The involvement of the LEA protein SMP1 in binding (presumably protecting) proteins involved in translation may be used as a paradigm to suggest that certain LEA proteins may physically shelter oxidation-sensitive AAs of their client proteins from this modification in the quiescent seed. Certainly the region of the client proteins to which both Arabidopsis and soybean orthologues of SMP1 bound was consistently the most, or among the most, hydrophyllic of the client proteins (Kushwaha et al., 2013), suggesting that these regions are solvent exposed and therefore would be the most susceptible to oxidative damage. Such physical protection from oxidation has been demonstrated for the subunit proteins comprising the 12S cruciferin storage proteins where the β-subunits, thought to be buried within the α-subunits, are 6-fold less oxidized in the desiccated seed (Job et al., 2005). Following imbibition, at least some LEA proteins, when hydrated, would lose any structural features helping to induce a fit with their client proteins, leaving their client proteins more susceptible to oxidation, which was the case for proteins involved in translation upon seed hydration (Job et al., 2005).

Using a Tandem Affinity Purification approach repeated four times (twice in the light and twice in the dark) Shaw (2016) recovered and identified a group of client proteins binding to a TAP-LEA5 protein (At4g02480, which is LEA38 of the LEA3 family; Hundertmark and Hincha, 2008). Of the five client proteins recovered two or more times using this approach, two were involved in translation and these were recovered most consistently from the screen. The Arabidopsis DEAD-Box RNA Helicase 22 (RH22) (Category 3) was recovered each time the assay was performed. RH22 is required for proper maturation and assembly of plastidial ribosomal RNA crucial for translation in the organelle (Chi et al., 2012). The next most consistently recovered client protein (three out of four times) was PUMILIO24, an RNA binding protein of the PUF family (Tam et al., 2010), also involved in ribosomal RNA maturation (Category 3) and assembly in the nucleolus (Shanmugam et al., 2017; Maekawa et al., 2018). Although these efforts to identify legitimate, conspecific LEA protein client proteins have indicated, for two different families of LEAs, that proteins involved in translation are preferred targets, many LEA proteins are known to bind membranes rather than proteins (Thalhammer et al., 2010; Tolleter et al., 2010; Eriksson et al., 2011). Additionally, for those LEA proteins that do bind proteins, it is still unclear whether proteins involved in translation are an ubiquitous set of client proteins or if the two LEA proteins investigated thus far coincidentally had proteins involved in translation as their targets. Regardless, what is clear is that some proteins of the translational apparatus are preferred client proteins bound (potentially protected) by some members of the LEA family, entirely consistent with Job's rule.

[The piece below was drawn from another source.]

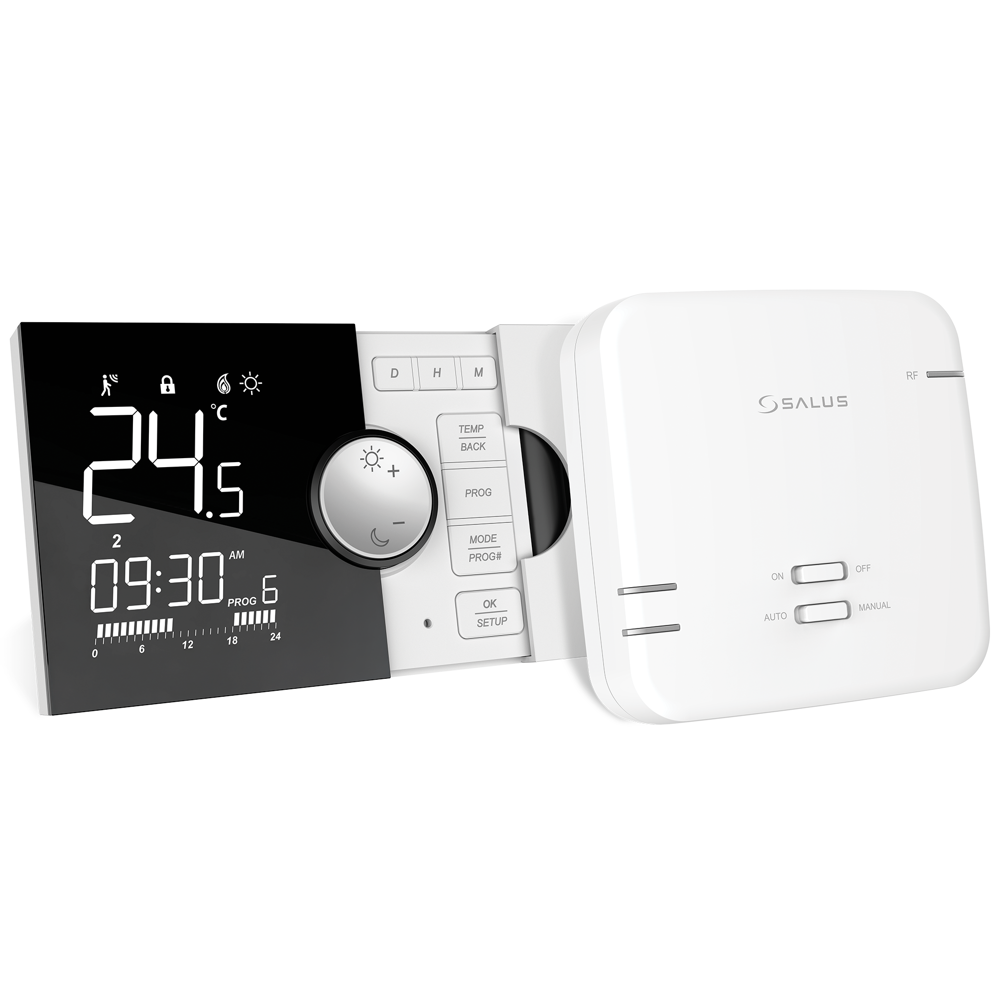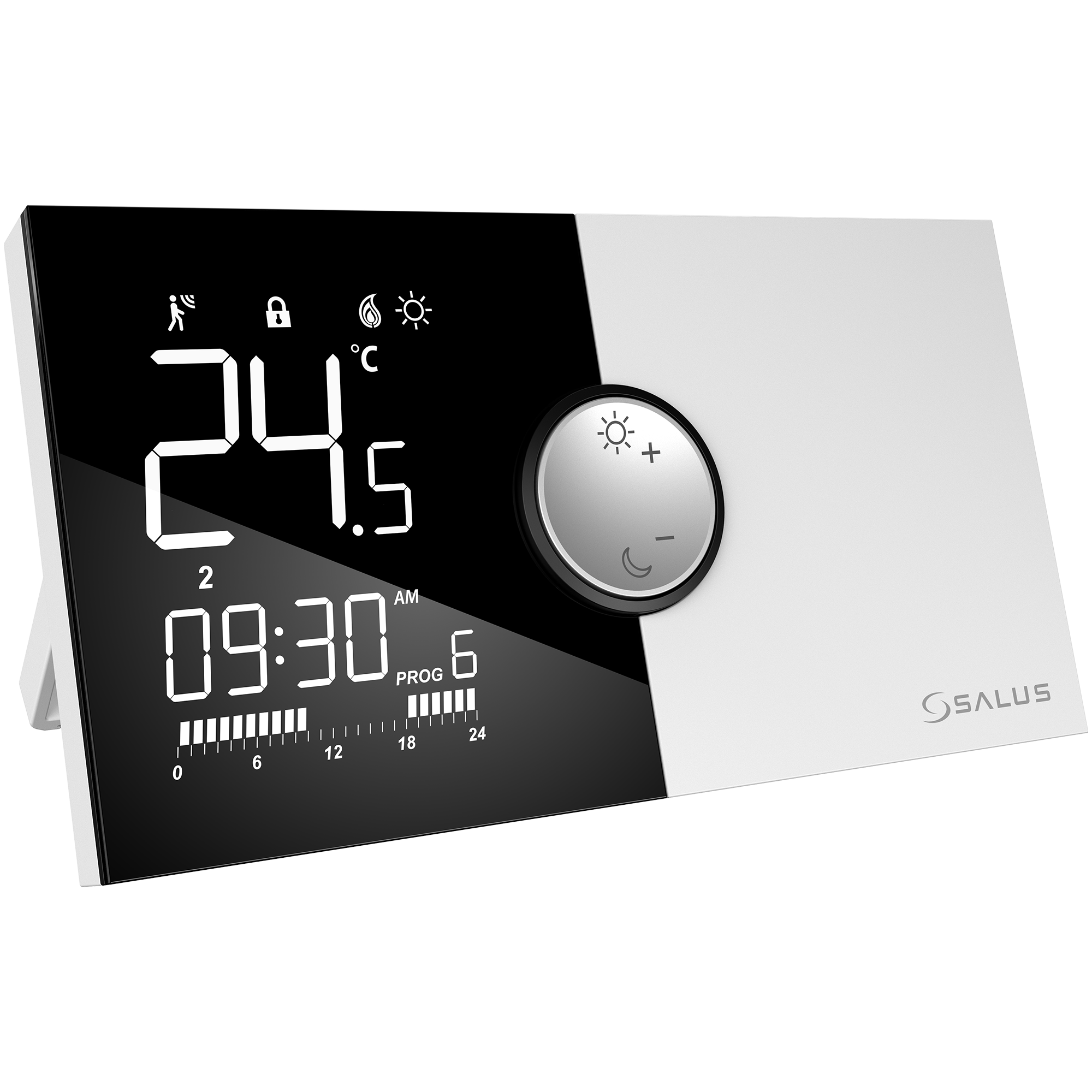 SALUS 091PRO-RF je bezdrôtový týždenný programovateľný termostat určený pre vykurovacie aj chladiace systémy. Ponúka jednoduchú inštaláciu, prehľadné ovládanie a funkciu BOOST s detekciou pohybu.

Protection: Difficulty assigning protection of protein associated with translation to altered soluble carbohydrate profiles

The alteration of the sugar profile during dehydration of tissues is a well-documented occurrence in pollen, seeds and resurrection plants (Griffiths et al., 2014). One of the attributes of increasing sugar concentration concomitant with water loss is the transition to an amorphous state in the cytoplasm, and presumably, the organelles in which the cellular constituents are embedded. The increase in viscosity is sufficient to greatly impede diffusion rates while dampening metabolism to such an extent that it is difficult to measure. Carbohydrate-mediated protection is thought to be a general phenomenon (ElSayed et al., 2014) encompassing both membranes and proteins that, although not preferentially focused on proteins (let alone proteins involved in translation), by protecting proteins promiscuously, protects those of the translational apparatus as well (Buera et al., 2004).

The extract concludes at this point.